(Information given begins)

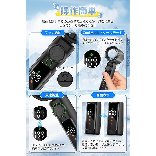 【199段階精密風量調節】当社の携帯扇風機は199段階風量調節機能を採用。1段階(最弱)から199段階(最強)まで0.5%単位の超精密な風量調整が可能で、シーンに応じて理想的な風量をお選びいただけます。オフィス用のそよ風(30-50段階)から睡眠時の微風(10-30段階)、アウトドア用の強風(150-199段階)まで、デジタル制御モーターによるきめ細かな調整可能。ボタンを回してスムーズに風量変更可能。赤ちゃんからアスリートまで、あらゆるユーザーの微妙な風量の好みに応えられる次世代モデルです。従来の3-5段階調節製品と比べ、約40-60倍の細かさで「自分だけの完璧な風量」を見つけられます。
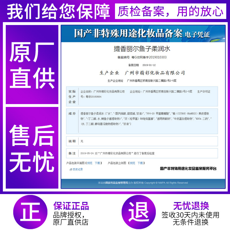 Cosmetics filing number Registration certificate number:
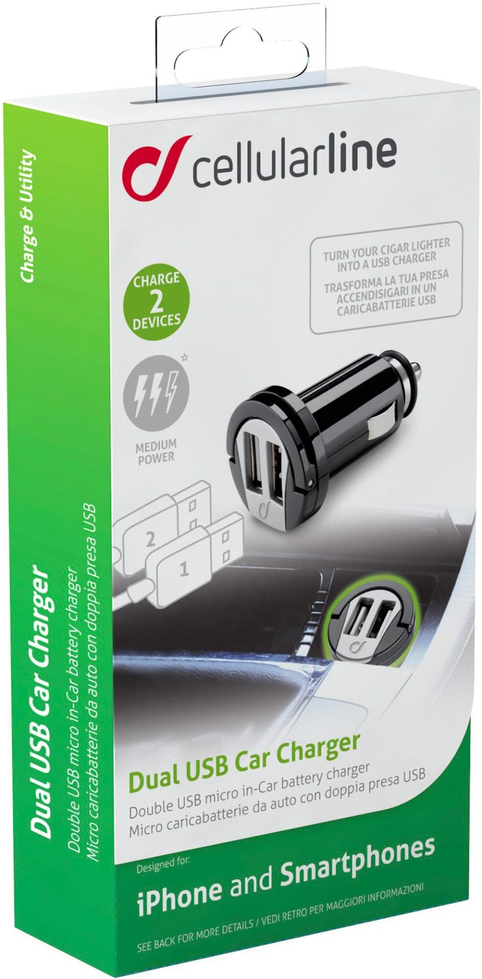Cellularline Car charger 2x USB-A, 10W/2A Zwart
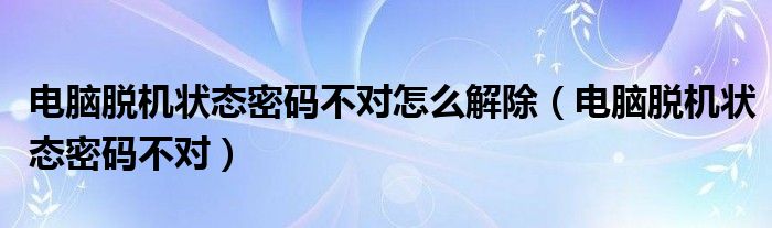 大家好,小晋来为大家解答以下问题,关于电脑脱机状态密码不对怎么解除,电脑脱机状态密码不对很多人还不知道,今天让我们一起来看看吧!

(Information given ends)
(Information given begins)

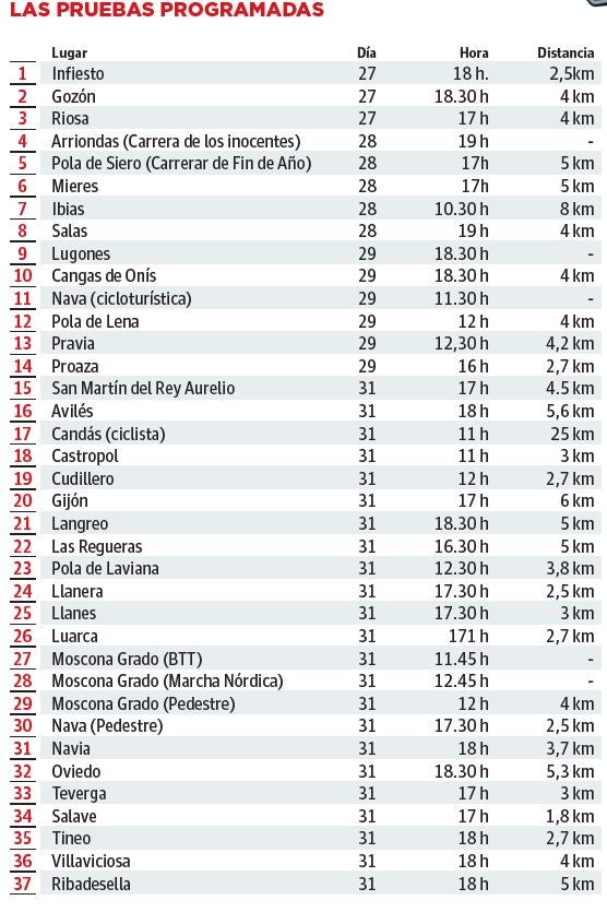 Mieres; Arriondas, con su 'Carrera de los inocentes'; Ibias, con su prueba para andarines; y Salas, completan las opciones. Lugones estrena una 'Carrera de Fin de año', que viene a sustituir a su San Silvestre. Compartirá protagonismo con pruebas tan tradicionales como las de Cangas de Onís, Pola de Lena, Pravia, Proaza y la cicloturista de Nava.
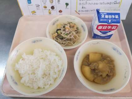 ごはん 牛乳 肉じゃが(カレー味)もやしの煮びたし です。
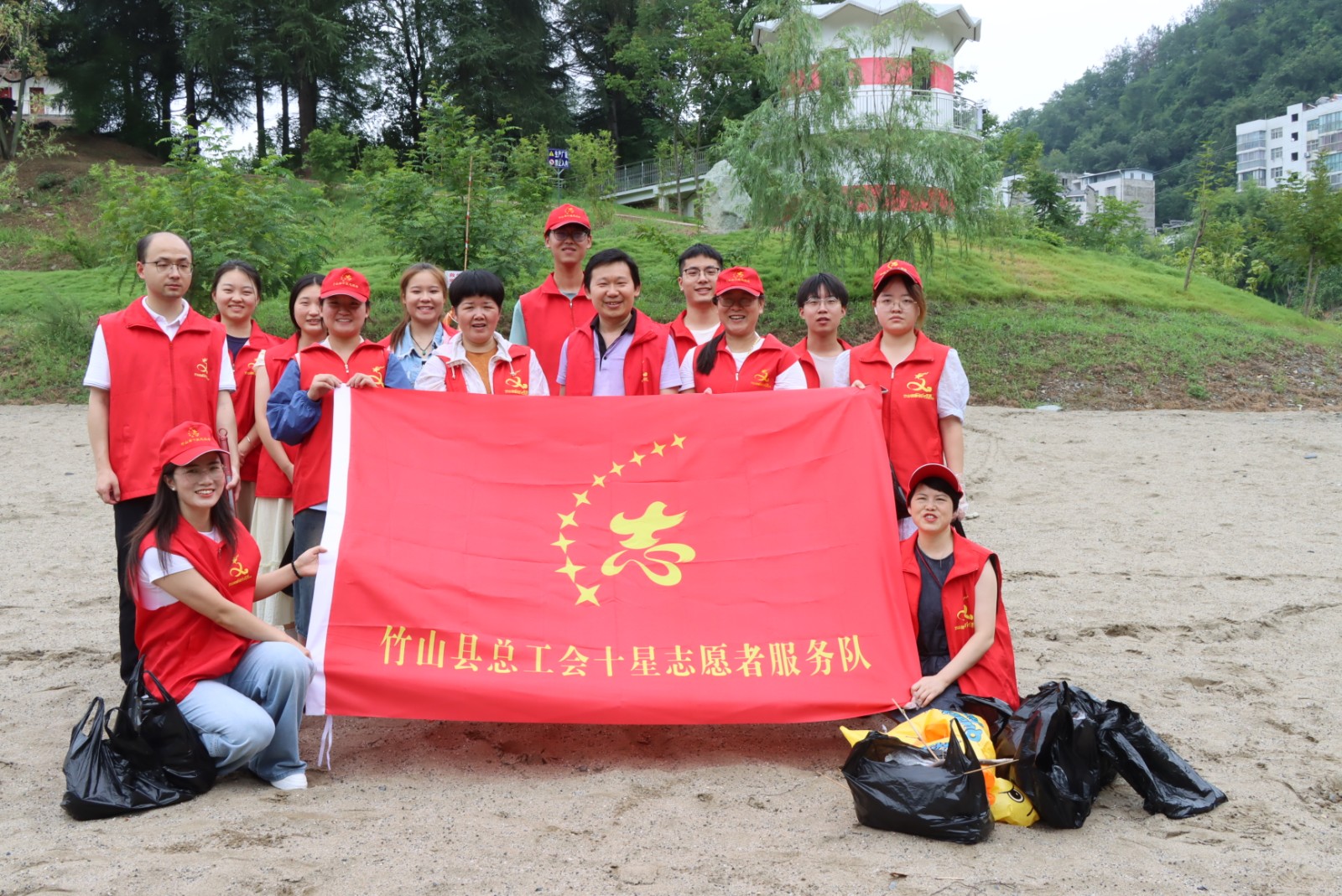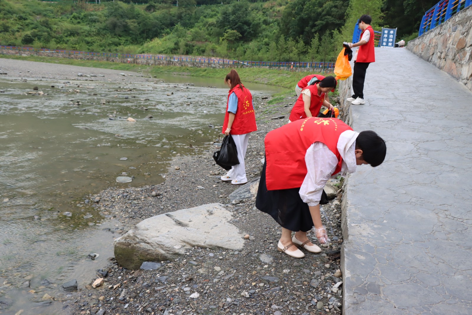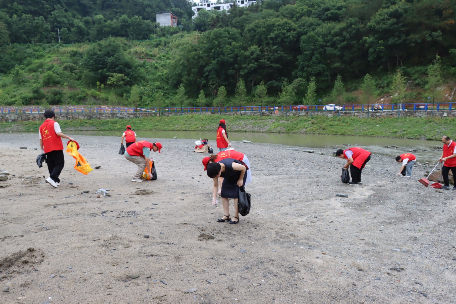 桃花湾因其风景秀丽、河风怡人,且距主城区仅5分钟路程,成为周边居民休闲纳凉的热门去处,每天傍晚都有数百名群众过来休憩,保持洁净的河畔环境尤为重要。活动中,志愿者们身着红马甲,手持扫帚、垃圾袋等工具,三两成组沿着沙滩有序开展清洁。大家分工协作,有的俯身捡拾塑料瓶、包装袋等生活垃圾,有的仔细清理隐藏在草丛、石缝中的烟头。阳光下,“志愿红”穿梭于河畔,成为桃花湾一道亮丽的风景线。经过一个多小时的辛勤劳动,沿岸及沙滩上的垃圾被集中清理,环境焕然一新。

(Information given ends)
(Information given begins)

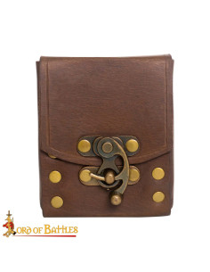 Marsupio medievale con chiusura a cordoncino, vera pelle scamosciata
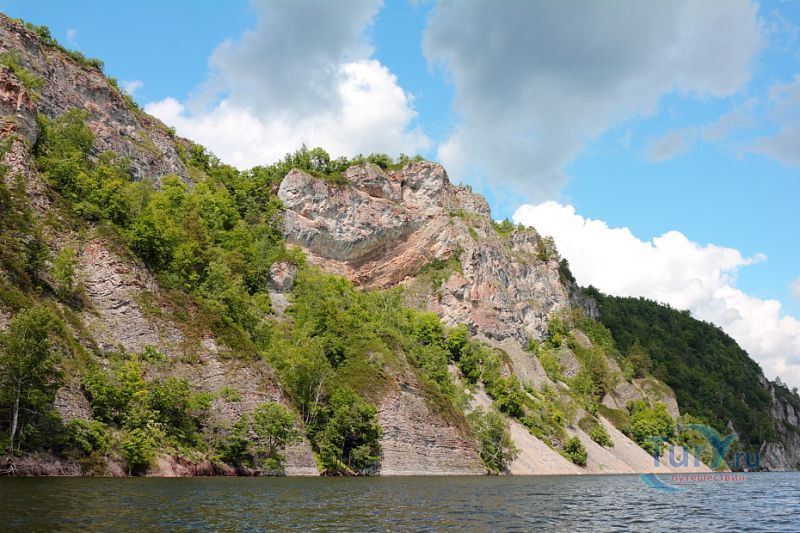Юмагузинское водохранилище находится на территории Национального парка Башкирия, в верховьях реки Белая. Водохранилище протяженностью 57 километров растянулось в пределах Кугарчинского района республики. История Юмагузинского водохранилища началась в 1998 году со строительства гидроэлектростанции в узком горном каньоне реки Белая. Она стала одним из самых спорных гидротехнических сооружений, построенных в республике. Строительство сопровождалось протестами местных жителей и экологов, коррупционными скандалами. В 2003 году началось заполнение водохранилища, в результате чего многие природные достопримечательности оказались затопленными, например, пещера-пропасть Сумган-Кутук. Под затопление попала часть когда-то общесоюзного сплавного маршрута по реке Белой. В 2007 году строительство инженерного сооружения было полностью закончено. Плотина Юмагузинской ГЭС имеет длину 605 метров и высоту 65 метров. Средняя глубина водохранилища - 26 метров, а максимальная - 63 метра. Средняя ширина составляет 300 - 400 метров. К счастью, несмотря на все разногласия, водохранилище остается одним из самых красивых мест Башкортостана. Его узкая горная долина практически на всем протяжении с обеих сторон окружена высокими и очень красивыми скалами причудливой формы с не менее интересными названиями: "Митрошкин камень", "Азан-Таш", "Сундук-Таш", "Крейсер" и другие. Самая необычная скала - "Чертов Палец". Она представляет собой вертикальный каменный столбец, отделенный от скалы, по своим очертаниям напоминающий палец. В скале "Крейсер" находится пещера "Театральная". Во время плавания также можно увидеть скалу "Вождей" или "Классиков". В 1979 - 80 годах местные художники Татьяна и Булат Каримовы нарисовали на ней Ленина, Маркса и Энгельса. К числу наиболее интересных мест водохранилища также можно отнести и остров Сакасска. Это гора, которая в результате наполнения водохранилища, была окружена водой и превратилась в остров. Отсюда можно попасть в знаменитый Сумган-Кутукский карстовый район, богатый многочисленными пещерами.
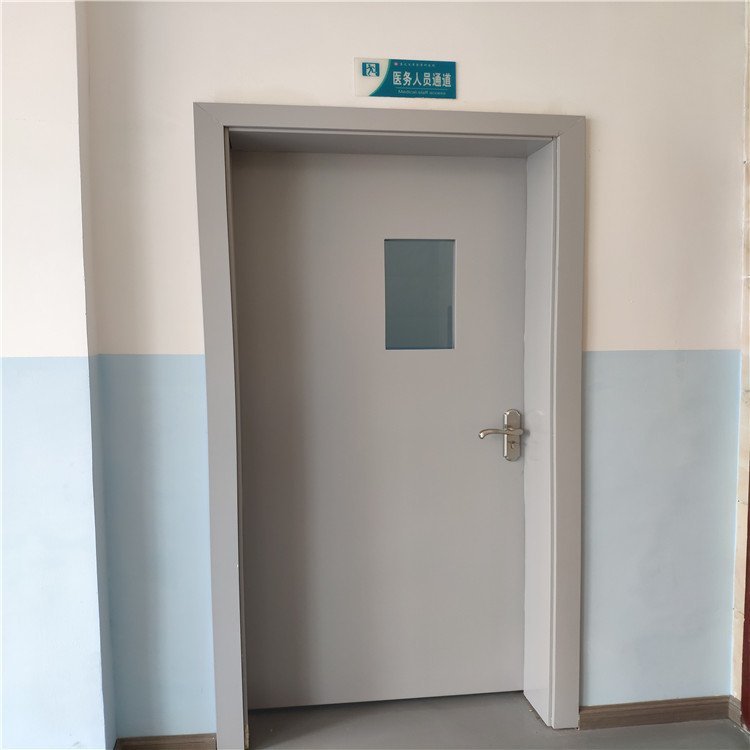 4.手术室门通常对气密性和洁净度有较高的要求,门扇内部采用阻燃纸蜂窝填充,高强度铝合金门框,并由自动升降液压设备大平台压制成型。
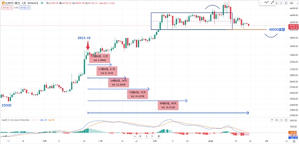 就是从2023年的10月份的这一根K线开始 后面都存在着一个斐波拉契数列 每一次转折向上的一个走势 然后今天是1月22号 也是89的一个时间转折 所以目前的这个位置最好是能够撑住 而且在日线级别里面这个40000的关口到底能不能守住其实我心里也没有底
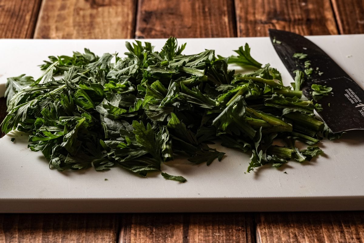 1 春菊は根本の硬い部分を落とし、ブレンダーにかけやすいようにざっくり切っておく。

(Information given ends)

◆ What needs to be done: Exactly the lines above, from the one containing "Cellularline Car charger" down to the one containing "大家好,小晋来为大家解答以下", are to be repeated, including both ends. Pictures are not part of the copy.

◆ Task answer:
Cellularline Car charger 2x USB-A, 10W/2A Zwart
 大家好,小晋来为大家解答以下问题,关于电脑脱机状态密码不对怎么解除,电脑脱机状态密码不对很多人还不知道,今天让我们一起来看看吧!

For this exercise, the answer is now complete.